Talent

349 35 8
                                    

— Rozgrzejcie się! Nie chcemy przecież, żeby któryś z was sobie coś zrobił! — krzyknął menadżer do poprawiających swoje mikrofony chłopaków, a oni natychmiast zaczęli wykonywać jego polecenia. Jungkook ostatni raz spojrzał na siebie w wielkim lustrze, po czym usiadł na podłodze, zaczynając ćwiczenia. Zaczął nucić sobie pod nosem jakiś popularny utwór, pogwizdując od czasu do czasu. Im bliżej było do ich występu, tym bardziej był podekscytowany, ale i zdenerwowany w tym samym czasie. Na dzisiejszą galę przygotowali coś specjalnego, a maknae już nie mógł się doczekać, aby pokazać to wszystkim ARMY. Wyrwany z rozmyślań, zamilkł i czując na sobie czyjś wzrok, odwrócił się, wyłapując lekko zmieszany wyraz twarzy Taehyunga. Usiadł, kierując całe swoje ciało w stronę przyjaciela i uśmiechnął się delikatnie. 

— TaeTae, cieszysz się, że w końcu pokażemy ten układ? — zapytał go, wstając na nogi i stając przed Kim'em. Poprawił mu niesforny kosmyk, opadający na oczy.

— Powiem ci szczerze, że okropnie się boję — zwierzył mu się starszy, mówiąc ściszonym głosem, a w jego oczach Jeon zobaczył iskierkę wstydu. — Pewnie się pomylę, lub głos mi się załamie i zepsuję cały występ.

Kook delikatnie dotknął jego dłoni, splatając ich palce razem, na co hyung zaczerwienił się lekko. Młodszy zdziwiony był zachowaniem przyjaciela. Zawsze to Tae inicjował każdy fizyczny kontakt, a teraz rumienił się jedynie poprzez dotknięcie dłoni. To nie tak, że Jeon nie widział Kim'a z burkiem na twarzy... jednak zawsze wymagało to od niego więcej wysiłku.

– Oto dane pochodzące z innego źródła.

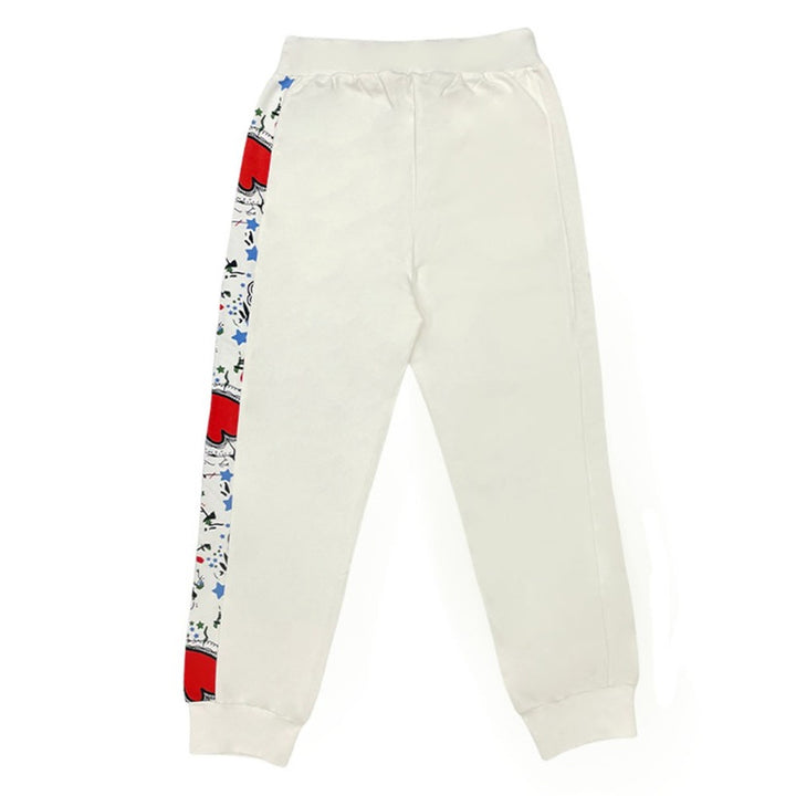 White abstract jogger pants by sku Amp up your wardrobe with this pair of abstract jogger. These joggers have a relaxed fit that ensures easy wearability. These joggers offer elasticated cuffs and waist. Also, the woven tape adds detail to the sides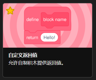 点击编辑器左下角的按钮(与“画笔”等扩展所在位置相同)来打开扩展库,然后启用“自定义返回值”: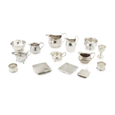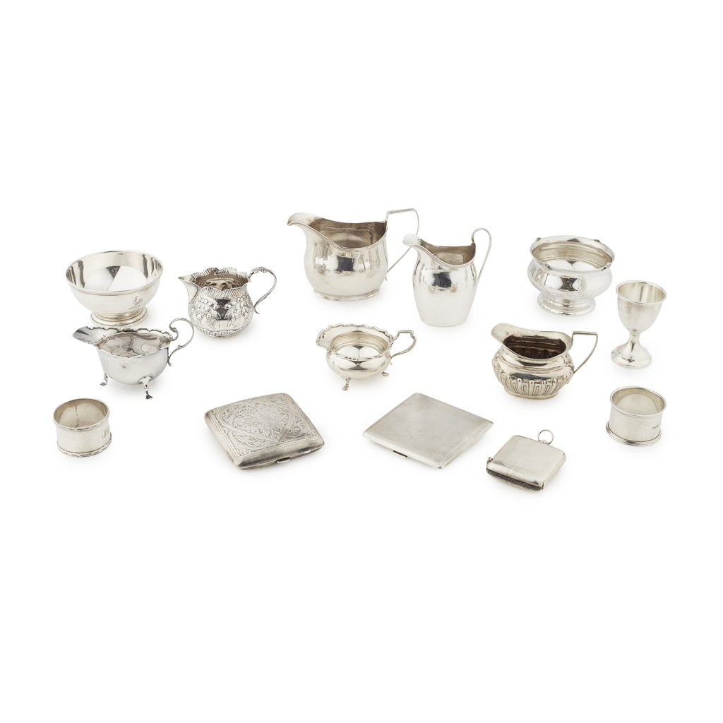 to include: two sugar bowls; a small sauce boat; five various cream jugs, one George III, a combination sovereign, half sovereign keeper with Vesta; two napkin rings; two cigarette cases and an egg cup (qty)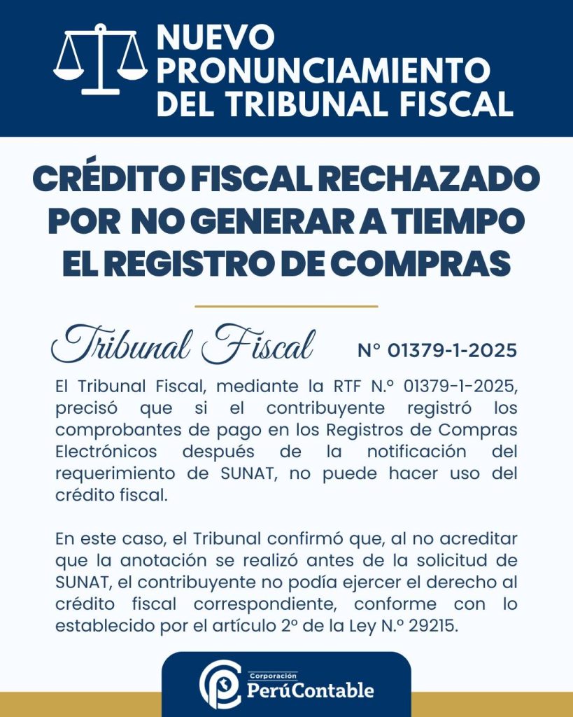 En ese contexto, el Tribunal Fiscal, mediante la RTF N.º 01379-1-2025, ha establecido un criterio relevante: no procede el uso del crédito fiscal cuando el Registro de Compras electrónico se genera con posterioridad a la notificación de un requerimiento de SUNAT.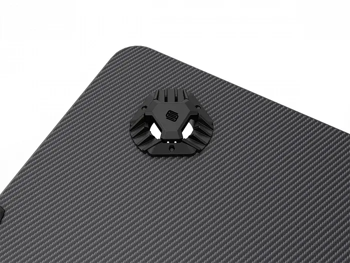 Столешница шириной в 148 см, рассчитана на размещение двух мониторов, игровой консоли, клавиатуры и различного дополнительного оборудования. Поверхность имеет текстуру углеродного волокна и устойчива к различным внешним воздействиям и загрязнению.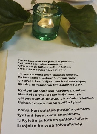 Suununtaina 15.10 vietetiin marttojen kirkkopyhää. Osa martoistamme osallistui Vanhassa pappilassa tarjottavan lounaan valmisteluihin.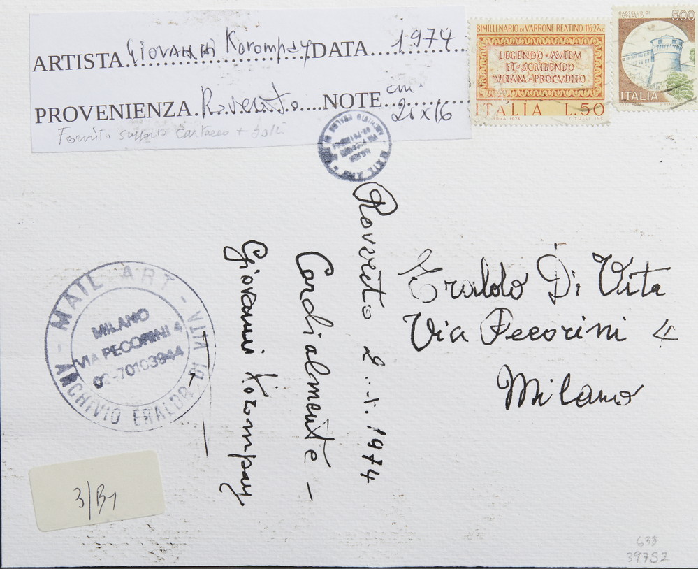 sul retro: firma, data, timbri Mail Art - Archivio Eraldo di Vita, Milano, etichetta descrittiva e timbro Castello di Rovereto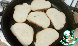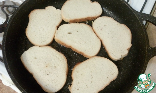 На хорошо разогретую сковороду с растительным маслом, кладем бутерброд начинкой на сковороду и не трогаем 5-7 минут. За это время начинка прожарится, прилипнет к батону и отлипнет от сковороды. Жарим на среднем огне.
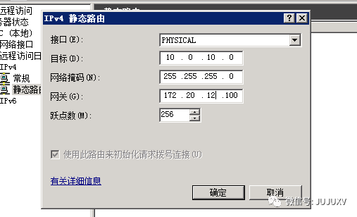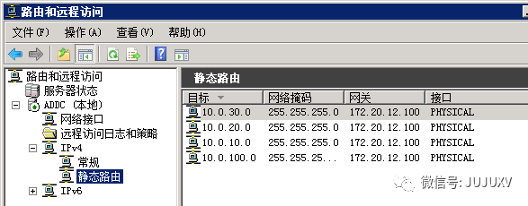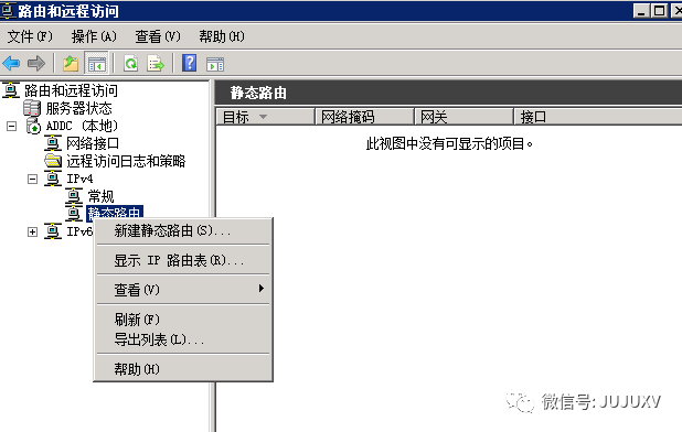 在ADDC虚拟机的“路由和远程访问”界面,新建IPv4静态路由

— Taehyung-ssi — westchnął młodszy i decydując się na jeszcze bardziej śmielszy ruch, pogłaskał go czule po policzku. — Wszystko będzie dobrze. Wiem, że codziennie dodatkowo ćwiczyłeś. Jesteś przygotowany bardziej niż ktokolwiek z nas.

— S - skąd ty... 

— Naprawdę myślałeś, że nikt się nie zorientuje, Taehyungie? — zaśmiał się cicho z błyskiem w oczach, a jego towarzysz spalił buraka po raz drugi dzisiejszego dnia. Jeon, palancie, nie licz jego rumieńców, skarcił się w myślach Jungkook, potrząsając głową. — Codziennie wieczorem znikałeś z dormu, a nikomu nie mówiłeś, gdzie idziesz, więc to było bardo łatwe do zauważenia.

— Pomimo tego — zaczął wreszcie Kim — okropnie się boję, Kookie. Wiesz, że nie jestem taki utalentowany jak ty, albo Hoseok hyung, przecież wszyscy wiedzą, że jestem tym gorszym...

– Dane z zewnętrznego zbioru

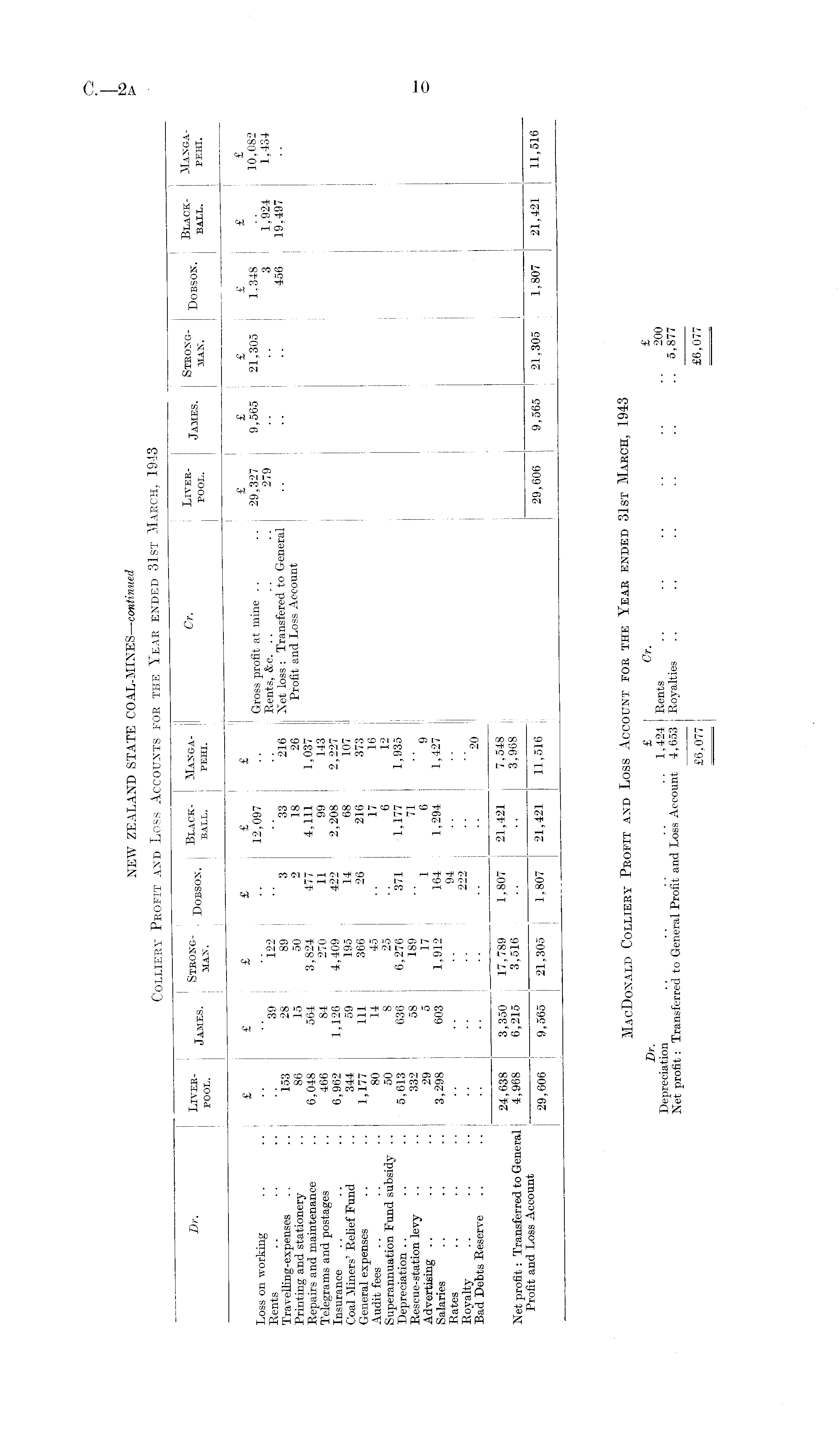 NEW ZEALAND STATE COAL-MINES— continued Colliery Profit and Loss Accounts for the Year ended 31st March, 1943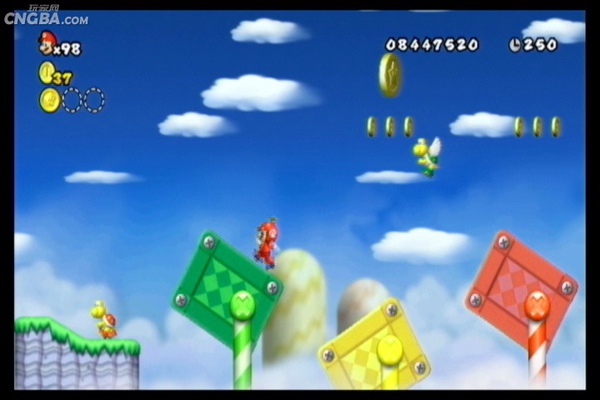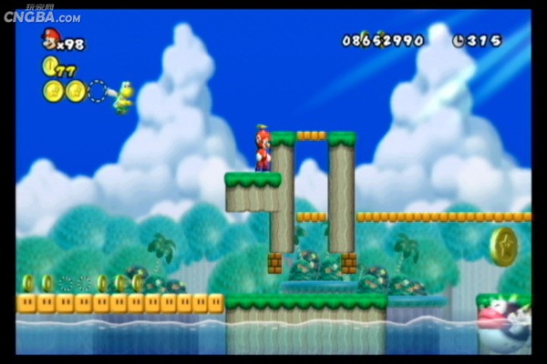 這裏的金幣要一定的技巧,用旁邊的烏龜雜爛牆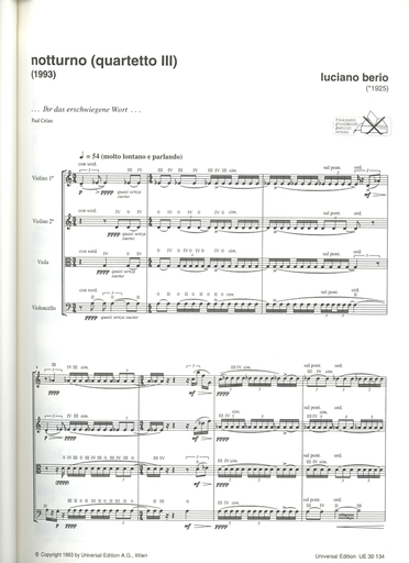 Berio, L.: (Score) Sincronie for String Quartet (string quartet)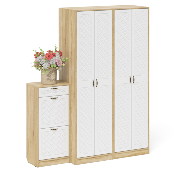 Отзывы о Столплит Тумба для обуви две секции и два шкафа в прихожую П-6 № 13 МДФ фрезеровка ромб Белое дерево/дуб сонома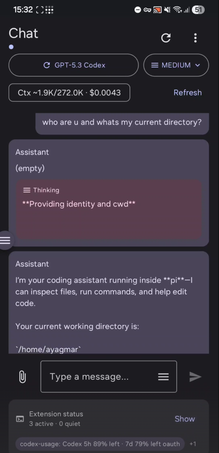 Pi Mobile is an Android client for the Pi coding agent. It gives you live session control when you’re away from your laptop.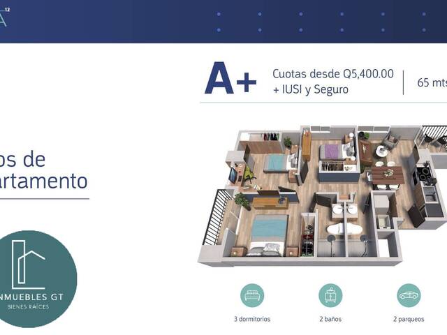 Reserva de Q5,000.00. Enganche mínimo del 7% fraccionado. Entrega a finales del 2023.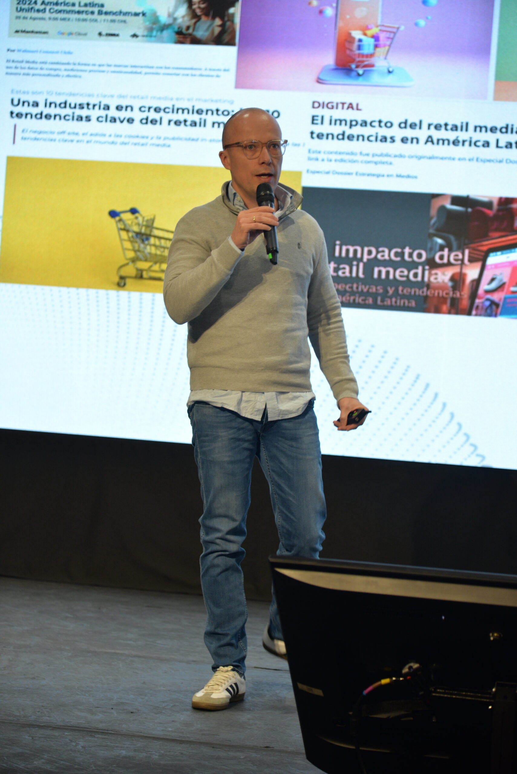 Carlos Fernando Vega, director general de P&M, dio inicio a la jornada del primer día con un llamado a actualizarse e innovar, y mencionó que el MC Latam es un evento qIue crece y evoluciona cada año. Así mismo, recordó que en 2024 P&M cumple 45 años, un hito para un medio que nació siendo impreso y que en la actualidad cuenta con diferentes canales como redes sociales, una página web, y más de ocho eventos al año.

Taehyung spuścił wzrok, a Jeon przeklął w myślach.

— Jak możesz tak mówić, słońce — powiedział łagodnie, unosząc podbródek hyunga i odnajdując jego zagubione oczy.  — Jesteś cudownym tancerzem, piosenkarzem, a nawet raperem i nigdy więcej nie możesz mówić, że jesteś gorszy, rozumiesz? — W oczach Jeongguka pojawiły się niebezpieczne iskierki, a V przełknął głośno gulę tworzącą się w jego gardle. Pokonał słabo głową, wykręcając palce i po raz kolejny się rumieniąc. Po dłuższej ciszy, wziął głęboki oddech, patrząc nieśmiało na maknae i powiedział cicho:

— Przepraszam, Jungkookie.

Jeon westchnął z irytacji, przeczesując swoje czarne włosy.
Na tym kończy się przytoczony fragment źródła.